They came from New York — 37 of them, trapped with a cannon-net set by Massachusetts wildlife biologists — to the Berkshires, at first. Then new generations spread statewide. Some arrived on two legs and in judders of flight, but most were transplanted by humans.
They made Cape landfall at Otis Air National Guard Base in 1991, the same year the wild turkey was named the state’s official game bird. That’s also the year, says Wellfleet oysterman, tracker, and naturalist Chopper Young, that turkeys touched down on Wellfleet’s High Toss Road. There they bred, learned to live in sand and scrub, to scratch for grubs beside Route 6, to fear no car or bike or city tourist. They made themselves at home here.
Turkeys had been here before. But the last known native bird was killed in 1851. Now, the Outer Cape’s share of Massachusetts’s 35,000 wild turkeys — “that number’s conservative,” says David Scarpitti, Turkey and Upland Game Project Leader for the Div. of Fisheries and Wildlife — are emerging into plain sight, looking for love.
But wait — a correction from Irwin Schorr, the Cape Cod Museum of Natural History’s “turkey guy”: wild turkeys do not fall in love. Some swans, cranes, titmice, and geese mate for life. So does the macaroni penguin. But the wild turkey is made of fickler stuff. “I guess,” says Scarpitti, “I’d say they’re amorous.”
All fall and winter, wild turkeys amble. They amble in drab rafters — flocks — through chosen stretches two miles wide, at most. The turkeys you see one December day are likely the same ones you saw the week before. Theirs is an unfussy life, says Schorr. They scrounge for acorns, rosehips, bugs. They stop traffic, tear up lawns. In the October-November hunting season (and again in the spring), they sometimes run from the bows and barrels of Cape Cod’s hunting folk. “That gives the birds a little life value,” says Young.
Then spring kicks into gear. Real daylight makes a comeback — and all at once, says Scarpitti, “eons of evolution” remind the turkey what to do.
Even in nonbreeding months, the rafter’s tom is striking. Tactful Schorr calls him “big-boned.” He is black, wing-barred, bearded from the breastbone. Caruncles — warts, nubs, “a bad case of acne,” says Schorr — dot his grayish head. His wattle swings below his neck. On his beak sits a fleshy horn: his snood. He is, says Scarpitti, “quite physically impressive.” He is, says Young, “sure something.”
Come April, the tom ambles no more: springtime is for strutting. Amorous, the tom rediscovers his potential. His head stays gray when he chooses, but he all at once has range. He can make himself red, or blue, or white. Those caruncles can turn purple. His snood snaps back into action; reddens, swells, extends over the beak, and dangles. His springtime snood is a tom’s pride. When he fights a rival, he goes straight for the snood. “The goal is to disfigure,” says Schorr. “The ladies like a good-looking snood.”

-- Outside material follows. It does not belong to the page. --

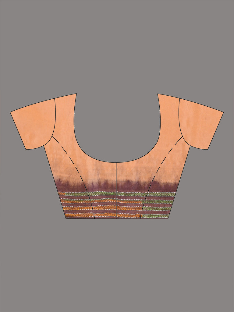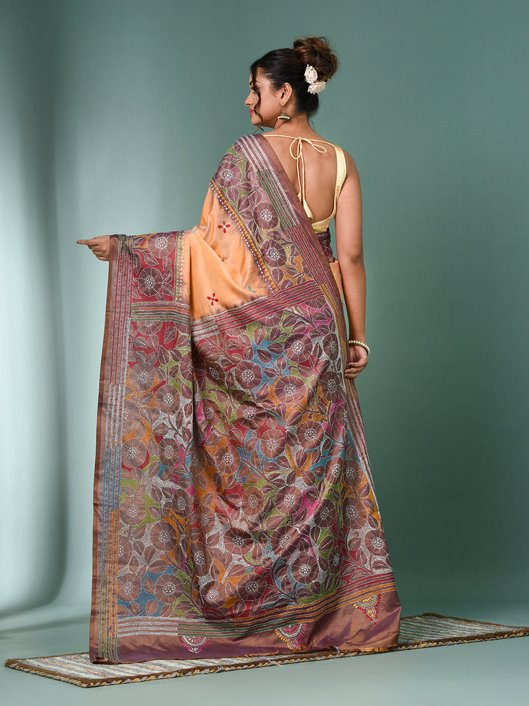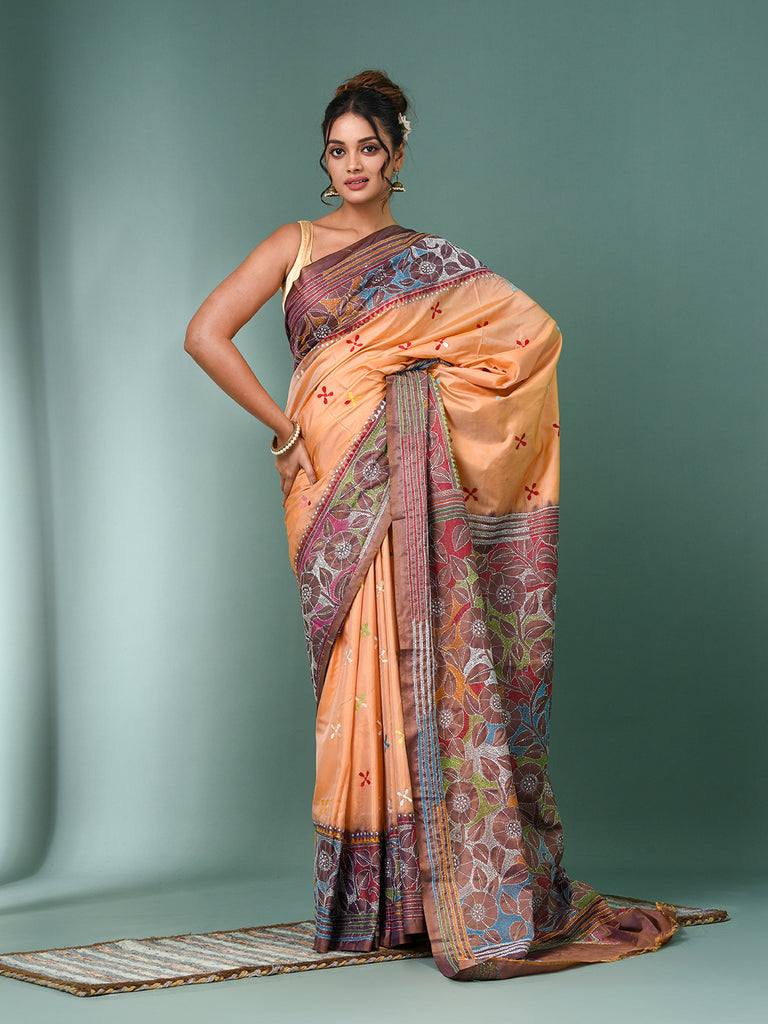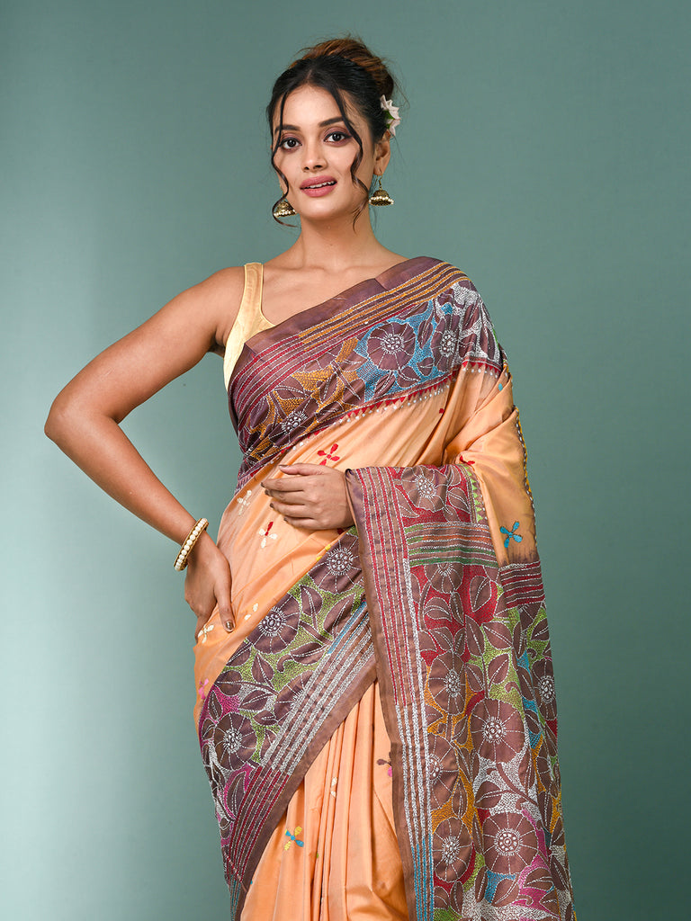 Peach Kantha Stitch Silk Soft Saree

The mood strikes — and in an instant, his tail unfolds. His breast and back puff out; he is twice his normal size, velvety, all iridescent greens and reds. His face flushes. His snood droops. He turns his crown pure white. Then he pulls his head back, drops his wings, and gobbles.
There’s no better description, says Scarpitti. “A turkey gobble just sounds like a turkey gobble. Nothing can really make a noise like it.” So, the tom gobbles. He drums, too, and spits, and, stomps, and puts on the greatest show he can — all for those green-drab hens who will, truth be told, says Schorr, “mate with any male who comes around.”
As April ends, the toms will fold up their tail fans and the hens will turn domestic. They’ll lay 12 or 15 eggs in a ground-leaf nest. The first week of June, their poults will hatch, try to live long enough to fly. They’ll amble their way through fall, and if they dodge the hunters, next time around, they’ll jockey for a spot in the ritual.
But that’s a long way away. What you have before you now is this year’s wild turkey courting season. And, says Schorr, “It’s something to witness.”
The spring turkey hunting season in Massachusetts opens on Monday, April 26 and ends on May 22. For details, search for turkey hunting on the mass.gov website.